=== Begin Enclosure ===
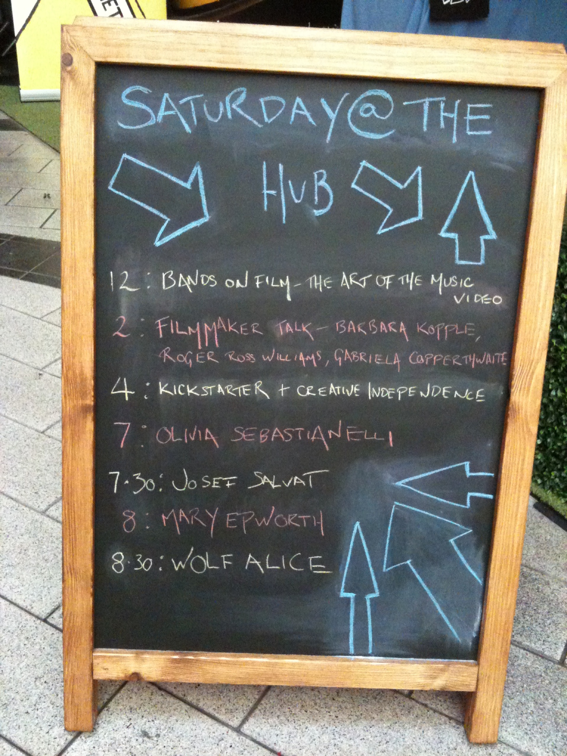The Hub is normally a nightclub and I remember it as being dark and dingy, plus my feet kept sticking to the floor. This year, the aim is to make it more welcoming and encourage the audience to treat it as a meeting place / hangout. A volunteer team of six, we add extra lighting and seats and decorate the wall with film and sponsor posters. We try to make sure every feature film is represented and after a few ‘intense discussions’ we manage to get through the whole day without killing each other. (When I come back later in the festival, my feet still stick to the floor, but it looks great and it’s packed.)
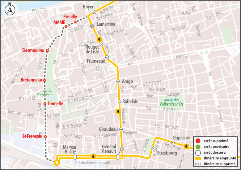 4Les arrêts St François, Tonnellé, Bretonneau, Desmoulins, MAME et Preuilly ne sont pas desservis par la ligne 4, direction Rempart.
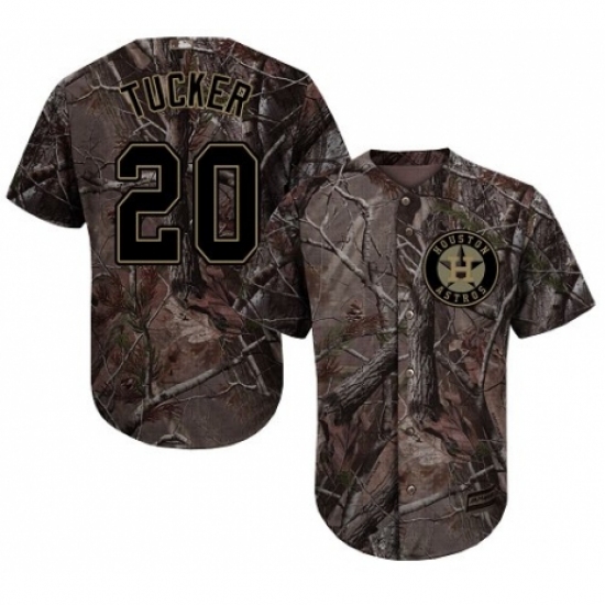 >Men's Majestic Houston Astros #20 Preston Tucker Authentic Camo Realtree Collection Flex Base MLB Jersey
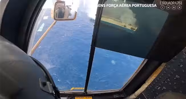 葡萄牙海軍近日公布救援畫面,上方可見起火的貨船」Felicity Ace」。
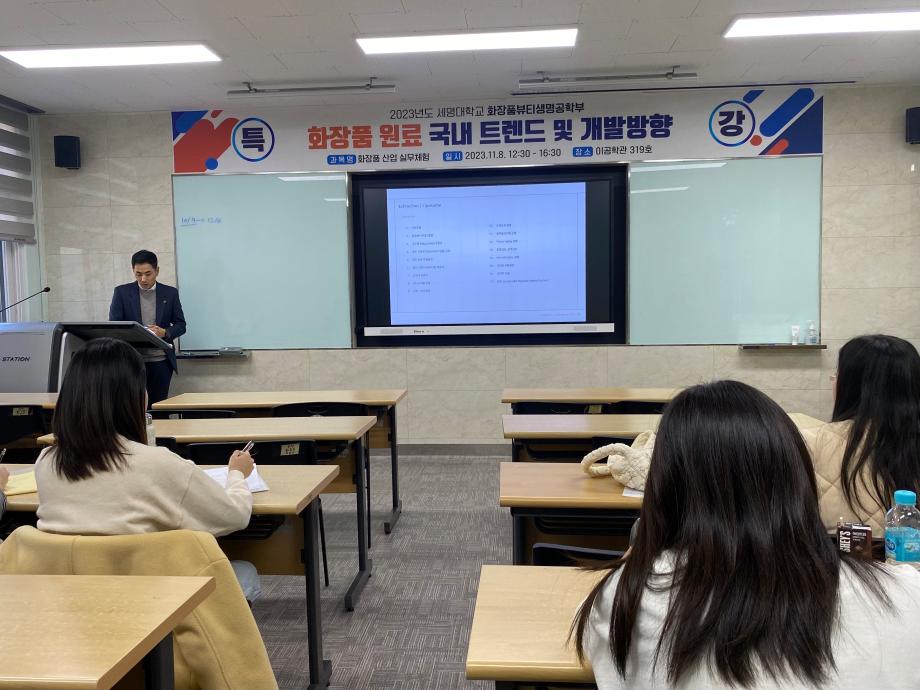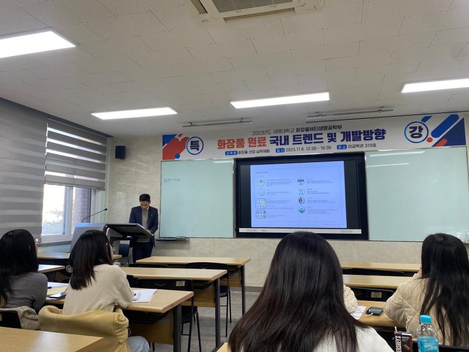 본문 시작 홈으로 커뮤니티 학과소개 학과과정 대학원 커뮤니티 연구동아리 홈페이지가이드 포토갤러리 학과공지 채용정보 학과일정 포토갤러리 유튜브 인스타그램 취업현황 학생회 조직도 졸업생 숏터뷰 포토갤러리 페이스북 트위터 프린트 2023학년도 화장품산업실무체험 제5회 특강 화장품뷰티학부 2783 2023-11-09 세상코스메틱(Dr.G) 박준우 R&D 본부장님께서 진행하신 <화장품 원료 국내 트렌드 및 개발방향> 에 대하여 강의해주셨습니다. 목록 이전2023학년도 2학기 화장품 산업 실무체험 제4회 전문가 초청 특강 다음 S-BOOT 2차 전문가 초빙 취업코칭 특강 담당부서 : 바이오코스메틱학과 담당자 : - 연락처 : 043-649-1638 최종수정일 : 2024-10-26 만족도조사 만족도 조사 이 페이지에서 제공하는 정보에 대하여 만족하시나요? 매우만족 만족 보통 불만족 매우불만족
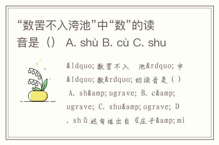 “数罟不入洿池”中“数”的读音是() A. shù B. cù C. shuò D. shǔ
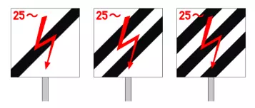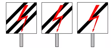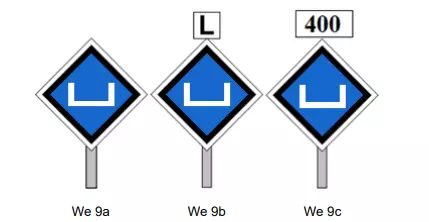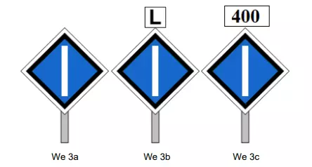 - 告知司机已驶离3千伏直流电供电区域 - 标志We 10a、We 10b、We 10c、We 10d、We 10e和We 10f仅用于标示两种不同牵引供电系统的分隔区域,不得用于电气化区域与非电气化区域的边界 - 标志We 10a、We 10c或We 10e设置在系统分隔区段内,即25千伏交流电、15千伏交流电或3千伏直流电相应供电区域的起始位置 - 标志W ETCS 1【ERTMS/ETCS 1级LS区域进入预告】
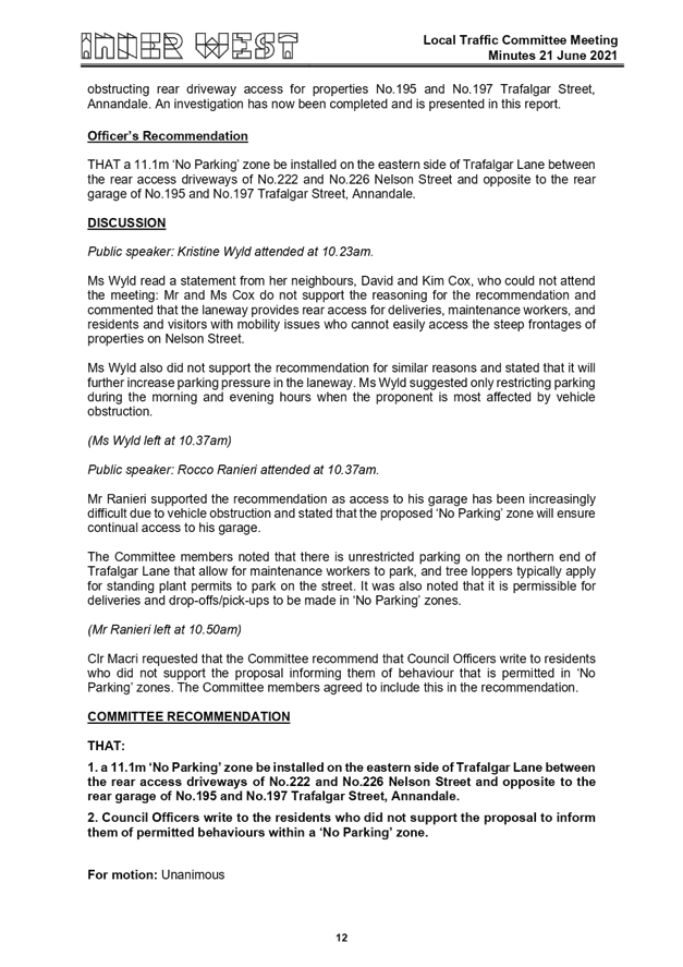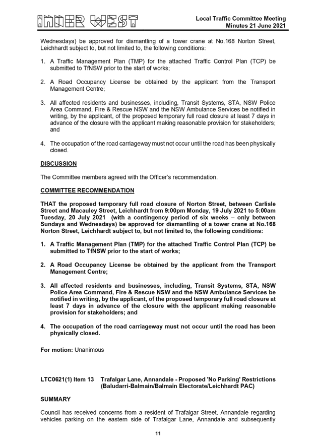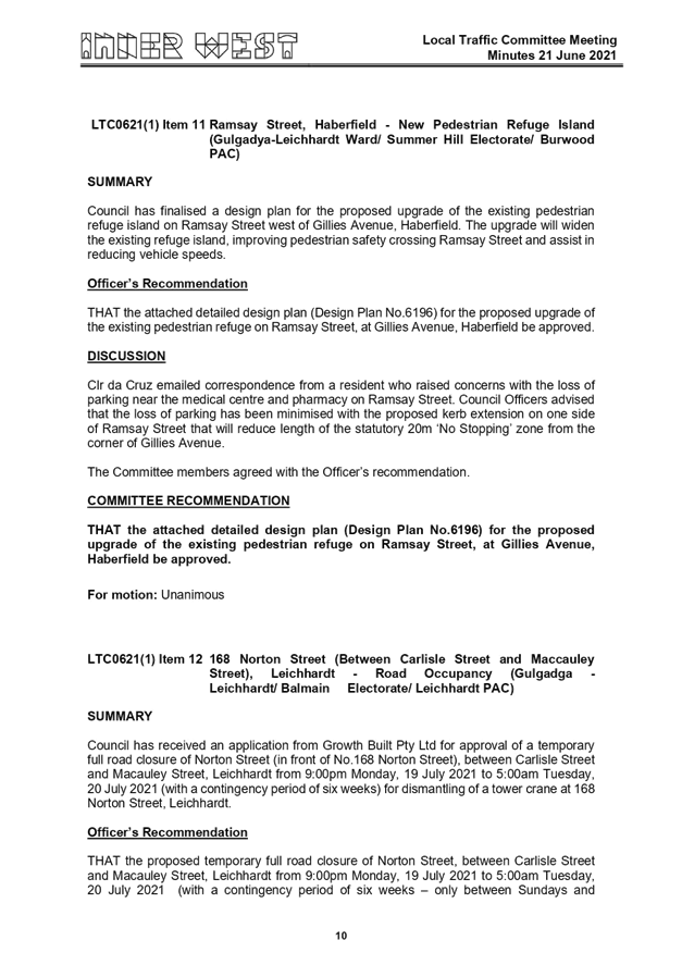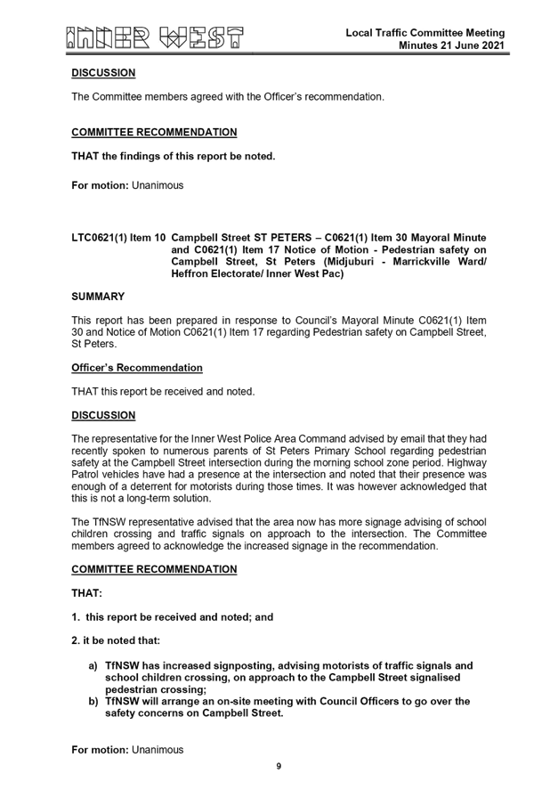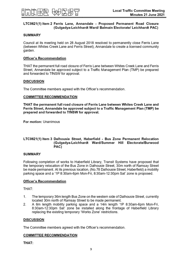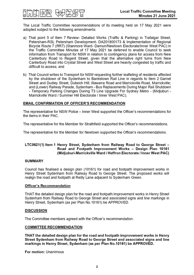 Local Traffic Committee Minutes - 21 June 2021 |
=== End Enclosure ===
### Work to complete
Restate the records word for word and drop the images.

### Finished exercise
The Hub is normally a nightclub and I remember it as being dark and dingy, plus my feet kept sticking to the floor. This year, the aim is to make it more welcoming and encourage the audience to treat it as a meeting place / hangout. A volunteer team of six, we add extra lighting and seats and decorate the wall with film and sponsor posters. We try to make sure every feature film is represented and after a few ‘intense discussions’ we manage to get through the whole day without killing each other. (When I come back later in the festival, my feet still stick to the floor, but it looks great and it’s packed.)
 4Les arrêts St François, Tonnellé, Bretonneau, Desmoulins, MAME et Preuilly ne sont pas desservis par la ligne 4, direction Rempart.
 >Men's Majestic Houston Astros #20 Preston Tucker Authentic Camo Realtree Collection Flex Base MLB Jersey
 葡萄牙海軍近日公布救援畫面,上方可見起火的貨船」Felicity Ace」。
 본문 시작 홈으로 커뮤니티 학과소개 학과과정 대학원 커뮤니티 연구동아리 홈페이지가이드 포토갤러리 학과공지 채용정보 학과일정 포토갤러리 유튜브 인스타그램 취업현황 학생회 조직도 졸업생 숏터뷰 포토갤러리 페이스북 트위터 프린트 2023학년도 화장품산업실무체험 제5회 특강 화장품뷰티학부 2783 2023-11-09 세상코스메틱(Dr.G) 박준우 R&D 본부장님께서 진행하신 <화장품 원료 국내 트렌드 및 개발방향> 에 대하여 강의해주셨습니다. 목록 이전2023학년도 2학기 화장품 산업 실무체험 제4회 전문가 초청 특강 다음 S-BOOT 2차 전문가 초빙 취업코칭 특강 담당부서 : 바이오코스메틱학과 담당자 : - 연락처 : 043-649-1638 최종수정일 : 2024-10-26 만족도조사 만족도 조사 이 페이지에서 제공하는 정보에 대하여 만족하시나요? 매우만족 만족 보통 불만족 매우불만족
 “数罟不入洿池”中“数”的读音是() A. shù B. cù C. shuò D. shǔ
 - 告知司机已驶离3千伏直流电供电区域 - 标志We 10a、We 10b、We 10c、We 10d、We 10e和We 10f仅用于标示两种不同牵引供电系统的分隔区域,不得用于电气化区域与非电气化区域的边界 - 标志We 10a、We 10c或We 10e设置在系统分隔区段内,即25千伏交流电、15千伏交流电或3千伏直流电相应供电区域的起始位置 - 标志W ETCS 1【ERTMS/ETCS 1级LS区域进入预告】
 Local Traffic Committee Minutes - 21 June 2021 |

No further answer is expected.